The contention of the plaintiff is that the county of Mecklenburg is such a corporation as to bring it within the definition of "distributor," and that it is admitted that such corporation had the gasoline specified in the complaint in its possession for "use within the State." The question then, is whether a county is a "distributor" when it uses gasoline in the discharge of its governmental function. That is to say, when the General Assembly used the word "corporation" in said act, did it have in mind the ordinary business corporation, or did it also have in mind governmental agencies? The chief method of probing legislative intent is to examine the language which is supposed to express that intent. In section 3 of the act it is declared that "any distributor engaged in business . . . and another distributor, prior to the commencement of doing business" shall "file an application for a license setting forth the name under which such distributor transacts or intends to transact business within the State, the address of each place of business and a designation of the principal place of business." Such distributor shall also file a bond in an amount not exceeding $10,000 with such surety as may be required. Such distributor shall also keep a record of all fuels purchased, received, sold, delivered or used by him. If any distributor makes a false or fraudulent report, he shall be guilty of a misdemeanor and fined not less than $100 nor more than $1,000. Furthermore, if the tax is not paid, the State Treasurer can secure a judgment for the amount and the Treasurer shall have "all remedies now, or which may hereafter be given by the laws of the State of North Carolina for the collection of taxes, . . . for the collection of judgment recovered by the State Treasurer under this section." In other words, if a county shall be deemed to be distributor, it must make an application, give a bond and procure a surety. If any false statement should be made the county could thereupon be arrested and fined not less than $100 nor more than $1,000. Thereafter, the State Treasurer would take judgment, and if the county did not pay, he could levy an execution upon the county's property and sell it at the courthouse door. The property of a county cannot thus be subjected to debt. Hughes v. Commissioners, 107 N.C. 598, 12 S.E. 465; Gooch v. Gregory, 65 N.C. 142; Hardware Co. v. Schools, 151 N.C. 507, 66 S.E. 583.

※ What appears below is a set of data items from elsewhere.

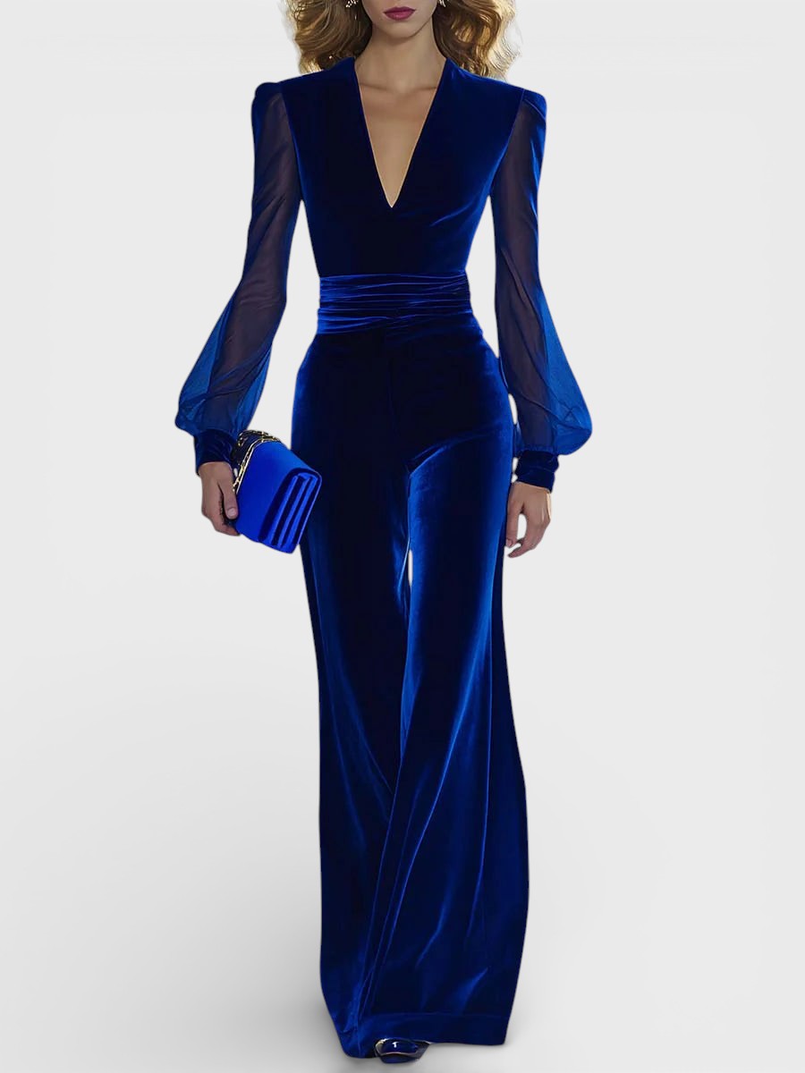 El Mercedes™ es un mono largo de terciopelo que combina elegancia y modernidad en una sola pieza. Con un escote en V profundo y mangas de chiffon transparente, este diseño resalta la belleza femenina mientras aporta un aire de sofisticación. Su cintura drapeada define la figura, y las piernas anchas estilizan el cuerpo, creando un look refinado para las ocasiones más especiales.
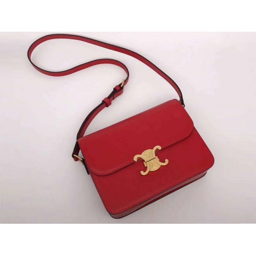 Sac Céline Triomphe moyen en cuir de veau rouge brillant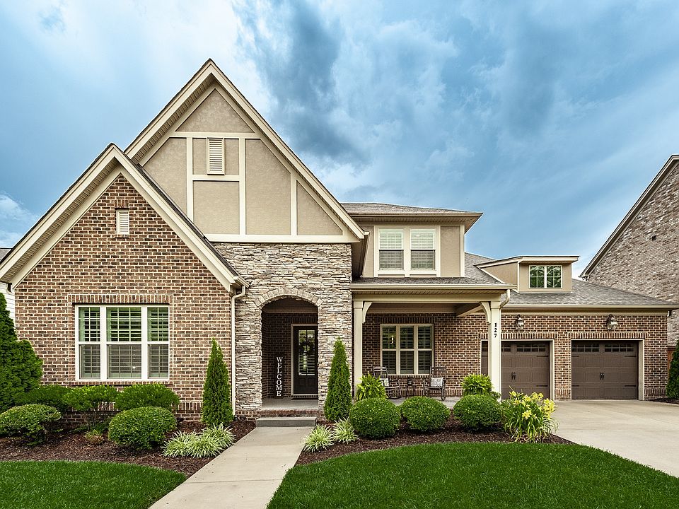 This beautiful Drees home in Durham Farms is a must-see. It's an all brick home on a 75ft wide lot, facing a greenspace. The living space is on one level, with a bonus/rec room with half bath upstairs for entertaining guests. Features include a French door office with storage, 12 ft ceilings in the family room with a gas fireplace, and a luxurious owner's bedroom with a spacious bath and huge custom walk-in closet. Upgrades include shutters, built-ins, fans, custom shelving, quartz counters, epoxy flooring, a screened porch, hot tub and landscape lighting. Durham Farms offers amenities and is close to shopping and restaurants. See media for way more upgrades!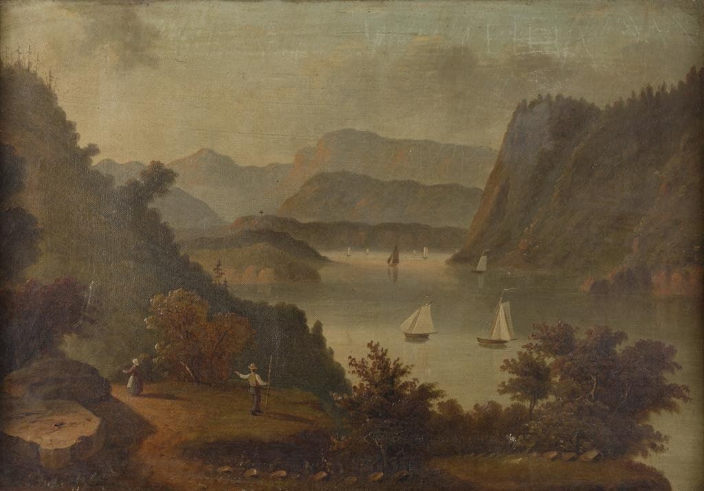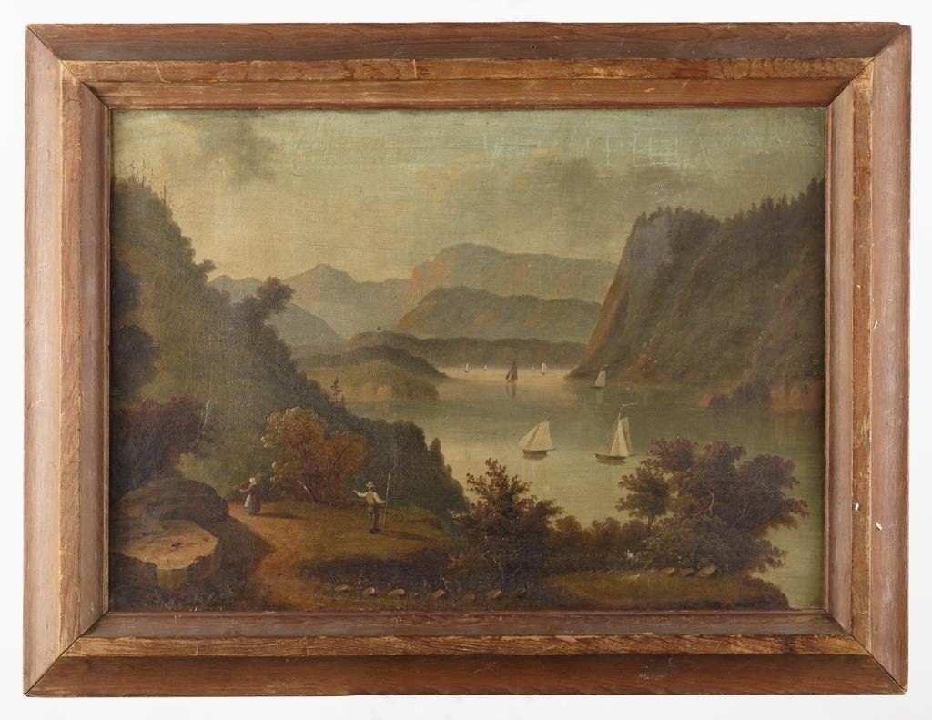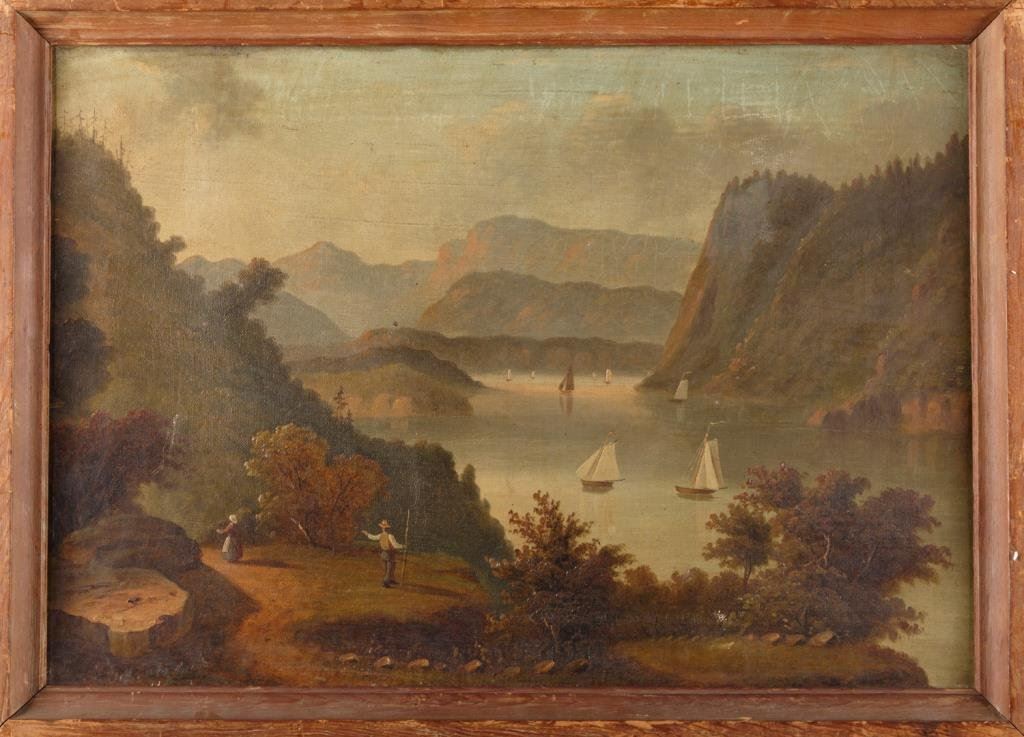 Lot 1800 Hudson River Valley School oil on canvas showing sailing ship, fisherman a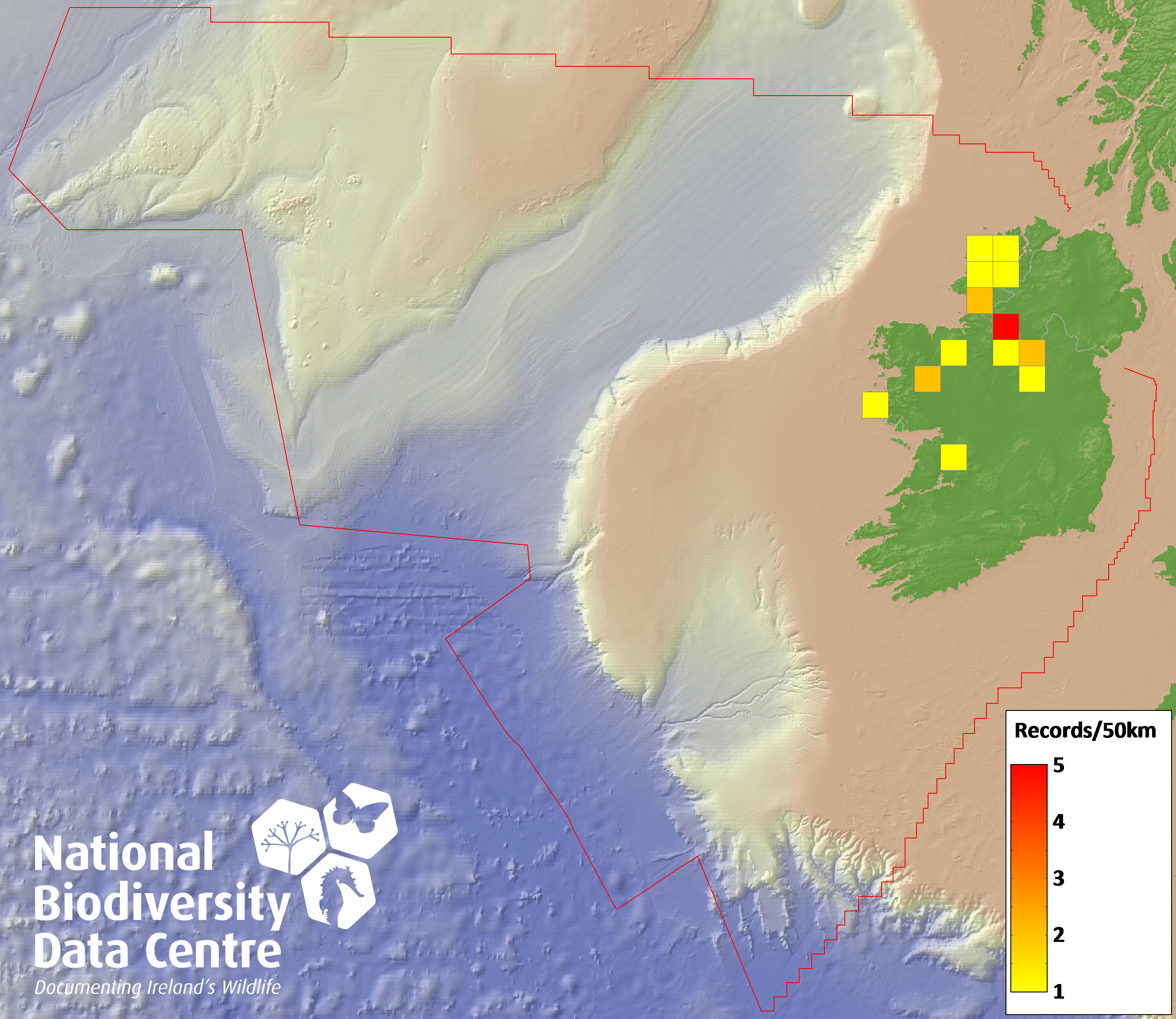 Distribution of the number of records recorded within each 10km grid square (ITM).Marine Map - 50km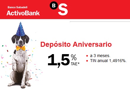 Activo Bank segue ofreciendo su depósito Aniversario, al 1,5% TAE hasta el 30 de septiembre de 2016.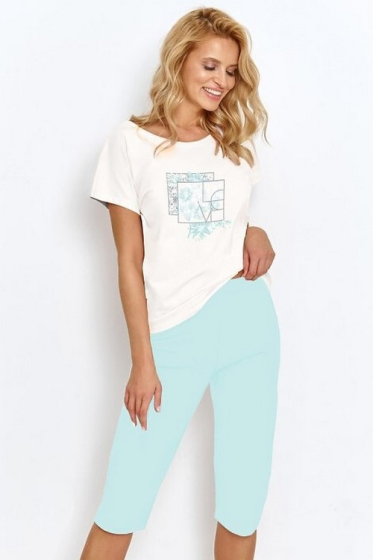 "description" => "Piżama damska , wysokiej jakości bawełna, koszulka z krótkim rękawem, z roślinnym printem , dekolt półokrągły, spodnie jednolite, długość 3/4 w pasie gumka obszyta bawełną. Skład: 100% bawełna."

Furthermore, general statutes do not bind the sovereign unless the sovereign is expressly mentioned. Thus in S. v. Garland, 29 N.C. 48, Ruffin, C. J., wrote: "It is a known and firmly established maxim that general statutes do not bind the sovereign, unless expressly mentioned in them. Laws are made prima facie for the government of the citizens, and not of the State itself."
These considerations lead unerringly to the conclusion that the General Assembly did not intend to include governmental agencies within the term "distributor."
Our attention has been called to only one case in the country deciding the identical question involved in this litigation. That case is Crockett v. Salt Lake County, 270 P. 142, 60 A.L.R., 867. The Supreme Court of Utah decided that a county was liable for the tax under a statute somewhat similar to our statute. The Court was sharply divided and the dissenting opinions are strong and persuasive. The Portland case, supra, is also in point, but that case involved the rights of a city.